((
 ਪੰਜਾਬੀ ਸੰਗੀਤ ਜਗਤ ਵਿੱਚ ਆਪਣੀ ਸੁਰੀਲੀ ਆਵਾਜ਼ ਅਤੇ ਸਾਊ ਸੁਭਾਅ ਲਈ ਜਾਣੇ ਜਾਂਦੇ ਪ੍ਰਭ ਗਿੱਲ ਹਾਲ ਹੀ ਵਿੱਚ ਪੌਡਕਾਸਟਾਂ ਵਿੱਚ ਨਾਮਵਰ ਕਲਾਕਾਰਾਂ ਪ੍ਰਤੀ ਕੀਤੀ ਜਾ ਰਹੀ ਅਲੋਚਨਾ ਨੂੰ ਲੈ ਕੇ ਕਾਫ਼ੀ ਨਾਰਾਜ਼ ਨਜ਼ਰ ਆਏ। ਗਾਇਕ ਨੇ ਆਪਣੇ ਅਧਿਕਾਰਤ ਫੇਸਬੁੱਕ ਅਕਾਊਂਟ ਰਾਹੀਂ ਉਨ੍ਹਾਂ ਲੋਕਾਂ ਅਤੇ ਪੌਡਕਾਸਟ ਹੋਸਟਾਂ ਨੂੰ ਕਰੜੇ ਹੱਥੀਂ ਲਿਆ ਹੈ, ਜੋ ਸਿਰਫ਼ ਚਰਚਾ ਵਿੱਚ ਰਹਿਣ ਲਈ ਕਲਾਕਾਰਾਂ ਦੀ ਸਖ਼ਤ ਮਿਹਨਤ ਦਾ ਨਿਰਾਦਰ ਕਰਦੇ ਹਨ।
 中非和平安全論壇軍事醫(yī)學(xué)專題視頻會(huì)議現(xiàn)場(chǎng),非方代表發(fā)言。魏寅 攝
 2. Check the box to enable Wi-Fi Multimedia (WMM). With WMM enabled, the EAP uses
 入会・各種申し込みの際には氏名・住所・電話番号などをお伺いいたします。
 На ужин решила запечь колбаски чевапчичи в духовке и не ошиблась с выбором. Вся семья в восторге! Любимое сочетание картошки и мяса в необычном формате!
))
PROBLEM TO WORK ON - Each entry needs to be written out again, exactly as given.

OUTPUT OF THE TASK -
 ਪੰਜਾਬੀ ਸੰਗੀਤ ਜਗਤ ਵਿੱਚ ਆਪਣੀ ਸੁਰੀਲੀ ਆਵਾਜ਼ ਅਤੇ ਸਾਊ ਸੁਭਾਅ ਲਈ ਜਾਣੇ ਜਾਂਦੇ ਪ੍ਰਭ ਗਿੱਲ ਹਾਲ ਹੀ ਵਿੱਚ ਪੌਡਕਾਸਟਾਂ ਵਿੱਚ ਨਾਮਵਰ ਕਲਾਕਾਰਾਂ ਪ੍ਰਤੀ ਕੀਤੀ ਜਾ ਰਹੀ ਅਲੋਚਨਾ ਨੂੰ ਲੈ ਕੇ ਕਾਫ਼ੀ ਨਾਰਾਜ਼ ਨਜ਼ਰ ਆਏ। ਗਾਇਕ ਨੇ ਆਪਣੇ ਅਧਿਕਾਰਤ ਫੇਸਬੁੱਕ ਅਕਾਊਂਟ ਰਾਹੀਂ ਉਨ੍ਹਾਂ ਲੋਕਾਂ ਅਤੇ ਪੌਡਕਾਸਟ ਹੋਸਟਾਂ ਨੂੰ ਕਰੜੇ ਹੱਥੀਂ ਲਿਆ ਹੈ, ਜੋ ਸਿਰਫ਼ ਚਰਚਾ ਵਿੱਚ ਰਹਿਣ ਲਈ ਕਲਾਕਾਰਾਂ ਦੀ ਸਖ਼ਤ ਮਿਹਨਤ ਦਾ ਨਿਰਾਦਰ ਕਰਦੇ ਹਨ।
 中非和平安全論壇軍事醫(yī)學(xué)專題視頻會(huì)議現(xiàn)場(chǎng),非方代表發(fā)言。魏寅 攝
 2. Check the box to enable Wi-Fi Multimedia (WMM). With WMM enabled, the EAP uses
 入会・各種申し込みの際には氏名・住所・電話番号などをお伺いいたします。
 На ужин решила запечь колбаски чевапчичи в духовке и не ошиблась с выбором. Вся семья в восторге! Любимое сочетание картошки и мяса в необычном формате!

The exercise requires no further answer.